Work instructions:
Exact copies of all the lines below are wanted, without a single picture.

Data segment:
[Start of section]

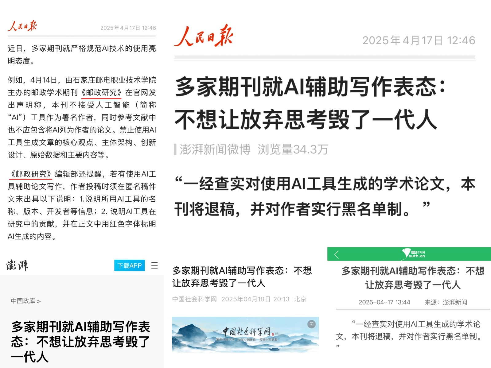 ·2025年4月,期刊管理举措被澎湃新闻、人民日报客户端及微博、中国青年网、中华网、新华报业网、中国妇女网、中国社会科学网、科学网、腾讯网、搜狐网、新浪网、网易、大众网、北京日报客户端等20多家权威媒体宣传报道。
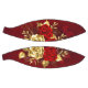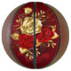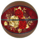 The composition of two artistically painted red roses and one golden rose, decorated with gold, jewel leaves on textured background.
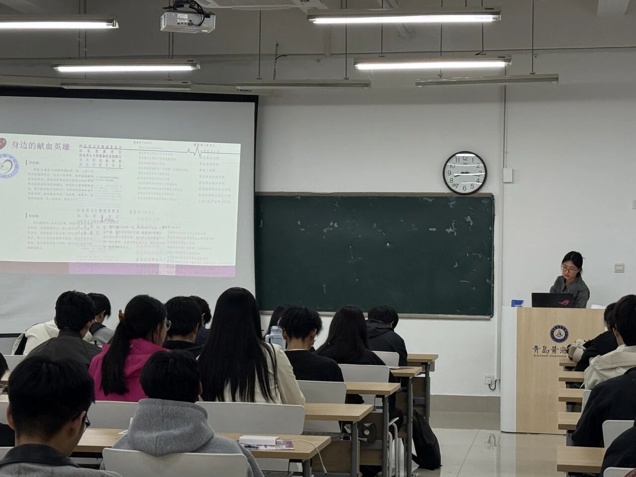 宣讲现场,宣讲团围绕着同学们最关心的问题展开细致讲解:在献血要求上,明确了18-55周岁(最高可延至60周岁)、体重达标、血压脉搏正常等基础条件,同时针对不同人群给出200ml或400ml的献血规格建议,让同学们清晰了解自身是否符合献血标准;在注意事项上,系统梳理了献血前清淡饮食、保证睡眠,献血后按压止血、避免剧烈运动等关键要点,更详细科普了献血后身体的自我调节机制,用科学数据打破“献血伤元气”的误区。针对大众普遍存在的认知误区,宣讲团逐一进行科学辟谣:“献血会伤身体?”——健康成人一次献血200-400ml仅占全身血量的5%-10%,身体会在数小时内恢复血容量,1-2周内补充完所有血液成分,反而能促进血液循环、降低心血管疾病风险;“献血会感染传染病?”——正规采血点全程使用一次性无菌耗材,严格执行无菌操作,感染风险为零。

[End of section]

Exercise result:
 ·2025年4月,期刊管理举措被澎湃新闻、人民日报客户端及微博、中国青年网、中华网、新华报业网、中国妇女网、中国社会科学网、科学网、腾讯网、搜狐网、新浪网、网易、大众网、北京日报客户端等20多家权威媒体宣传报道。
 The composition of two artistically painted red roses and one golden rose, decorated with gold, jewel leaves on textured background.
 宣讲现场,宣讲团围绕着同学们最关心的问题展开细致讲解:在献血要求上,明确了18-55周岁(最高可延至60周岁)、体重达标、血压脉搏正常等基础条件,同时针对不同人群给出200ml或400ml的献血规格建议,让同学们清晰了解自身是否符合献血标准;在注意事项上,系统梳理了献血前清淡饮食、保证睡眠,献血后按压止血、避免剧烈运动等关键要点,更详细科普了献血后身体的自我调节机制,用科学数据打破“献血伤元气”的误区。针对大众普遍存在的认知误区,宣讲团逐一进行科学辟谣:“献血会伤身体?”——健康成人一次献血200-400ml仅占全身血量的5%-10%,身体会在数小时内恢复血容量,1-2周内补充完所有血液成分,反而能促进血液循环、降低心血管疾病风险;“献血会感染传染病?”——正规采血点全程使用一次性无菌耗材,严格执行无菌操作,感染风险为零。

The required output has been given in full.